▶ To do:
Using the material below, repeat exactly the lines from the one with "随后,外籍师生来到了松慈茶寮" through the one with "Delicioso chicharrón desgrasado", ends included, without any images.

▶ Exercise material:
Content starts

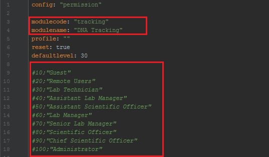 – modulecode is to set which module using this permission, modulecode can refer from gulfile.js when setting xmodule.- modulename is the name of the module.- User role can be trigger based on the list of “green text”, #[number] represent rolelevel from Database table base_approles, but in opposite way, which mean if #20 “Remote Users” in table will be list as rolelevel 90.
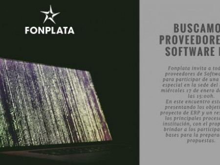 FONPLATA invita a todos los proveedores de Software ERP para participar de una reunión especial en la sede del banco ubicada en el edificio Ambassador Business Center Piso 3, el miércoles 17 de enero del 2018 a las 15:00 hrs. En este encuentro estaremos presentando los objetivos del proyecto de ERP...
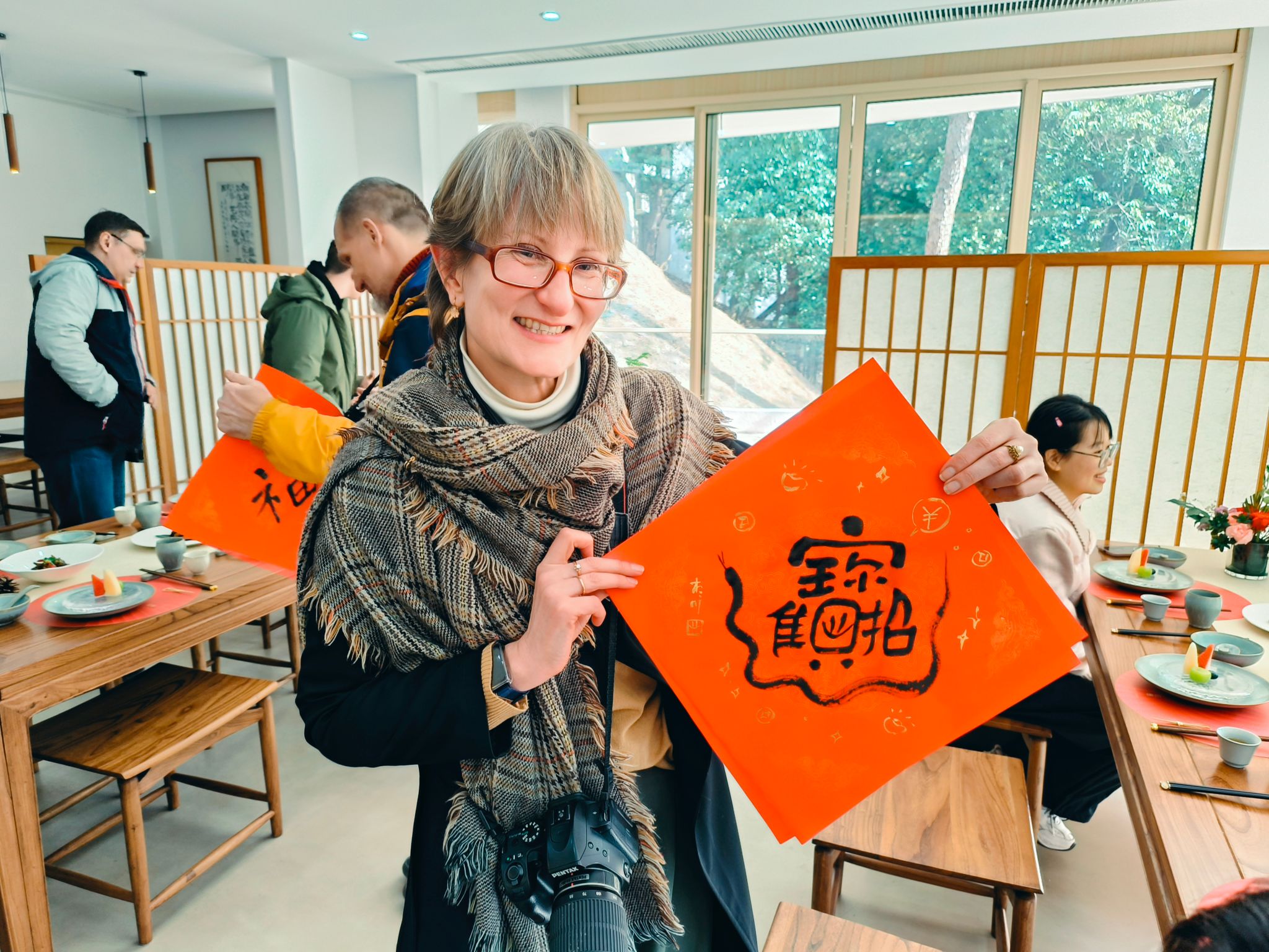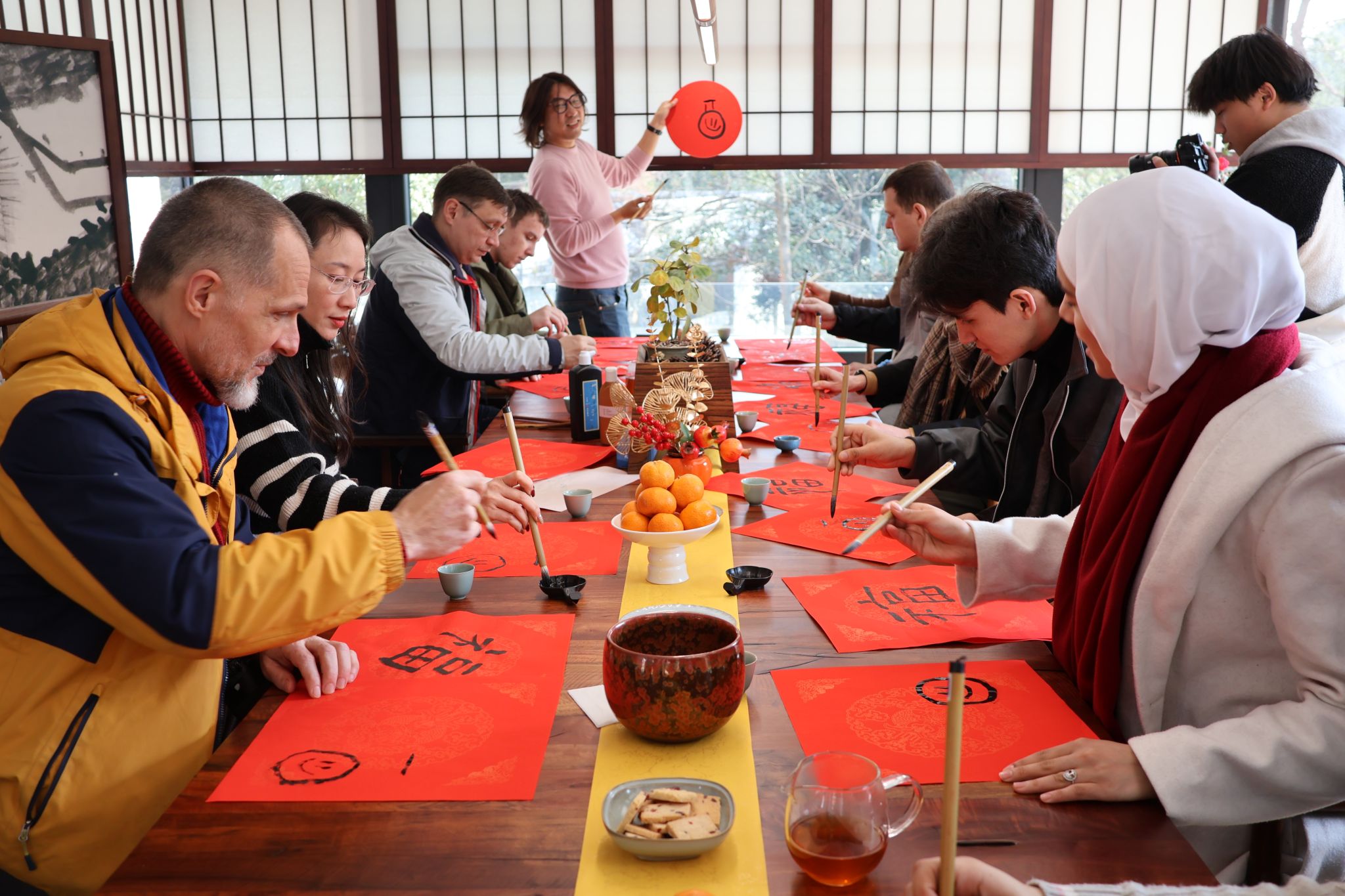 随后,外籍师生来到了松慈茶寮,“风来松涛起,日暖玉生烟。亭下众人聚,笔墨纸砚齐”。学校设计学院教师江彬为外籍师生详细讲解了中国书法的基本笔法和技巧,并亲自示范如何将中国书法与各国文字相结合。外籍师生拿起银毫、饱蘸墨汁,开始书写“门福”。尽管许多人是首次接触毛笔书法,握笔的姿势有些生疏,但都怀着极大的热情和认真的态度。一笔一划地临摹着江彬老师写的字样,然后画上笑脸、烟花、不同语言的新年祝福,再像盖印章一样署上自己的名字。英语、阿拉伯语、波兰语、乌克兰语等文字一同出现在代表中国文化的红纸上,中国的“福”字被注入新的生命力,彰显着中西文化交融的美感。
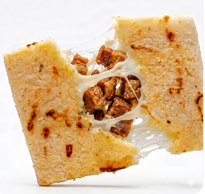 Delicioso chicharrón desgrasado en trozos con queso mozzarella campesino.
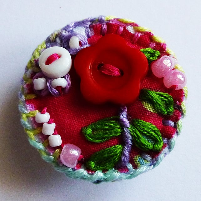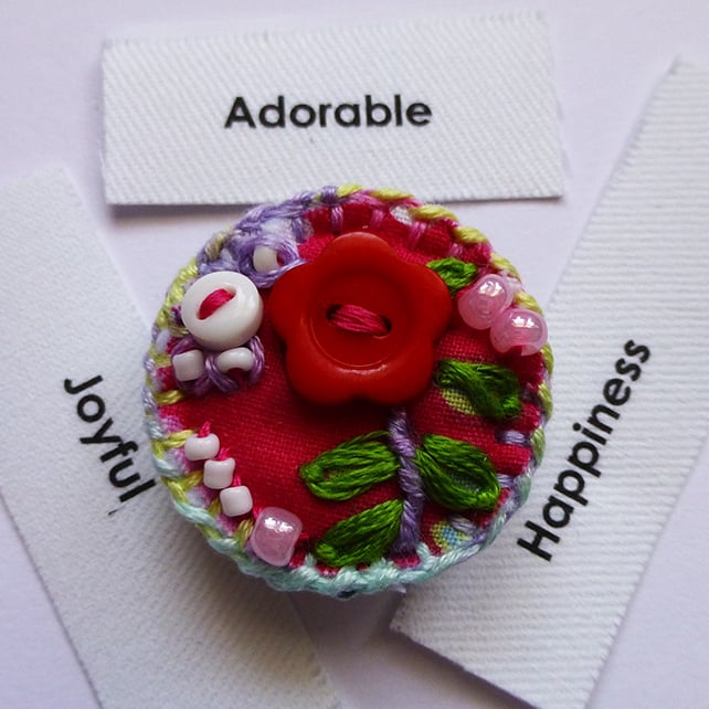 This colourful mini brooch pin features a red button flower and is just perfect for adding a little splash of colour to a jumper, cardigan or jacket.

Content ends
Content starts

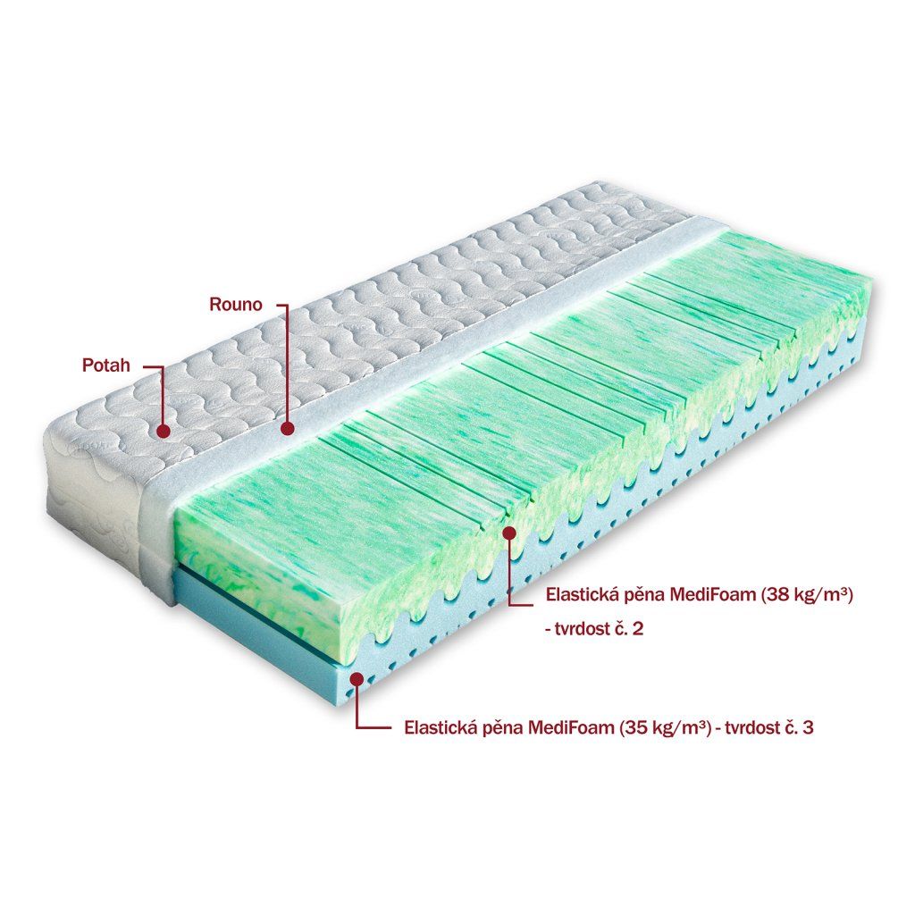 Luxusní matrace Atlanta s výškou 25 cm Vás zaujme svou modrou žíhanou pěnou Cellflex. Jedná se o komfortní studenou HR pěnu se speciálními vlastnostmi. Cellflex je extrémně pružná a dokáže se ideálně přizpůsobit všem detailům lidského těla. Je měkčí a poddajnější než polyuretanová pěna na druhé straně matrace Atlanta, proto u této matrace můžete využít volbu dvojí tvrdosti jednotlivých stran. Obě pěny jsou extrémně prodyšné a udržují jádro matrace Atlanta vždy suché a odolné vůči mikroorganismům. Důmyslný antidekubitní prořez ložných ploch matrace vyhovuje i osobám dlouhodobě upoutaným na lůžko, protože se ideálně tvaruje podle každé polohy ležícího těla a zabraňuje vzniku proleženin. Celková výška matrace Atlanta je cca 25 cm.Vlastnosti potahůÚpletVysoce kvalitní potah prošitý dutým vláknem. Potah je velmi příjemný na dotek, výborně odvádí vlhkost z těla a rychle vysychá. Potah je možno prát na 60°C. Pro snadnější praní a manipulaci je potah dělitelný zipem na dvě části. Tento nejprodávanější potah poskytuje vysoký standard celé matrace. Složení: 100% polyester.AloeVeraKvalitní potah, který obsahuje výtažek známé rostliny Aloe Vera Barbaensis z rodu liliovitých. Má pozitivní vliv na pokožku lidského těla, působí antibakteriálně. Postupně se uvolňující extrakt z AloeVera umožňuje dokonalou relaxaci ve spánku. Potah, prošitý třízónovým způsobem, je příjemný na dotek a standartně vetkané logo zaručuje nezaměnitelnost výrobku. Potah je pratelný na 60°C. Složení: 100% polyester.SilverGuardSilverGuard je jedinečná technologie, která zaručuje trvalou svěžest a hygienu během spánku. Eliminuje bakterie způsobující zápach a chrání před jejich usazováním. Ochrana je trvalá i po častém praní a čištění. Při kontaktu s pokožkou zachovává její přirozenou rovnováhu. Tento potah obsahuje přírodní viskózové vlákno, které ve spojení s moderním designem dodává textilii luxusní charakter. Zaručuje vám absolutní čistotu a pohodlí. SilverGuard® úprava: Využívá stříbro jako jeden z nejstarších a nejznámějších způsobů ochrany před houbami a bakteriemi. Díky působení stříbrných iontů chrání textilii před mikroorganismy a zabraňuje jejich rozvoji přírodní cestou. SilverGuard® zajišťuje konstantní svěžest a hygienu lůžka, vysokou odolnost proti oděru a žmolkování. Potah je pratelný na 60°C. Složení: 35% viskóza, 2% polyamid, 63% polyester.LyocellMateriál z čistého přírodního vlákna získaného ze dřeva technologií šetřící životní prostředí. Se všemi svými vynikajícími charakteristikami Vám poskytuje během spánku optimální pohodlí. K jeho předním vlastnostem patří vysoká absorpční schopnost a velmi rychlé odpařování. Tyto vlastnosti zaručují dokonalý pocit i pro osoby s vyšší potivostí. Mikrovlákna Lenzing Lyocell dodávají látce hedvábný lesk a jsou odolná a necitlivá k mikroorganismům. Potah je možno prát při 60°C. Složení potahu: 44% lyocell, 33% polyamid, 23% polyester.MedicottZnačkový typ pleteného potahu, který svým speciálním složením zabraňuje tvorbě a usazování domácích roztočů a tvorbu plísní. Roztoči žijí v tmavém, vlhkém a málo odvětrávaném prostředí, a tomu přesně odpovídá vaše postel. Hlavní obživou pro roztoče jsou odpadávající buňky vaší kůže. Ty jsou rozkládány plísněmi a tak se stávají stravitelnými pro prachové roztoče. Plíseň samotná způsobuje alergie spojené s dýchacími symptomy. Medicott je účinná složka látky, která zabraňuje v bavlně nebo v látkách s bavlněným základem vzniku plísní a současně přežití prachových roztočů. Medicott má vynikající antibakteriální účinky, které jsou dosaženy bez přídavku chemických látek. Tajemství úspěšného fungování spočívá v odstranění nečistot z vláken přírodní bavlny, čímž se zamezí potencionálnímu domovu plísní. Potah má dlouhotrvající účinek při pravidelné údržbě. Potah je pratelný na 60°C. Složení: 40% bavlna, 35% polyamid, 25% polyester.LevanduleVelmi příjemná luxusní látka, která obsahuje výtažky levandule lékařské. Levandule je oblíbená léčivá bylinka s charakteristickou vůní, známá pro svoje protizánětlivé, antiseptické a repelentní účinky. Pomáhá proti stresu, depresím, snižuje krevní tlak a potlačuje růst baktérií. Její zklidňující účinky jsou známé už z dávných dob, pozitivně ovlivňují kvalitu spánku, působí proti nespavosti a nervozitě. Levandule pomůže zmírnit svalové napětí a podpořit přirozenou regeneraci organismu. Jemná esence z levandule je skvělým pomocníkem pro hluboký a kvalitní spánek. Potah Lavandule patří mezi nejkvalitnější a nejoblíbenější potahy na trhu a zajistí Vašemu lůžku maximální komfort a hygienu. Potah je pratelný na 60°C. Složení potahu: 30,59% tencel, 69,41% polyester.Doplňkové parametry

Content ends

▶ Exercise result:
 随后,外籍师生来到了松慈茶寮,“风来松涛起,日暖玉生烟。亭下众人聚,笔墨纸砚齐”。学校设计学院教师江彬为外籍师生详细讲解了中国书法的基本笔法和技巧,并亲自示范如何将中国书法与各国文字相结合。外籍师生拿起银毫、饱蘸墨汁,开始书写“门福”。尽管许多人是首次接触毛笔书法,握笔的姿势有些生疏,但都怀着极大的热情和认真的态度。一笔一划地临摹着江彬老师写的字样,然后画上笑脸、烟花、不同语言的新年祝福,再像盖印章一样署上自己的名字。英语、阿拉伯语、波兰语、乌克兰语等文字一同出现在代表中国文化的红纸上,中国的“福”字被注入新的生命力,彰显着中西文化交融的美感。
 Delicioso chicharrón desgrasado en trozos con queso mozzarella campesino.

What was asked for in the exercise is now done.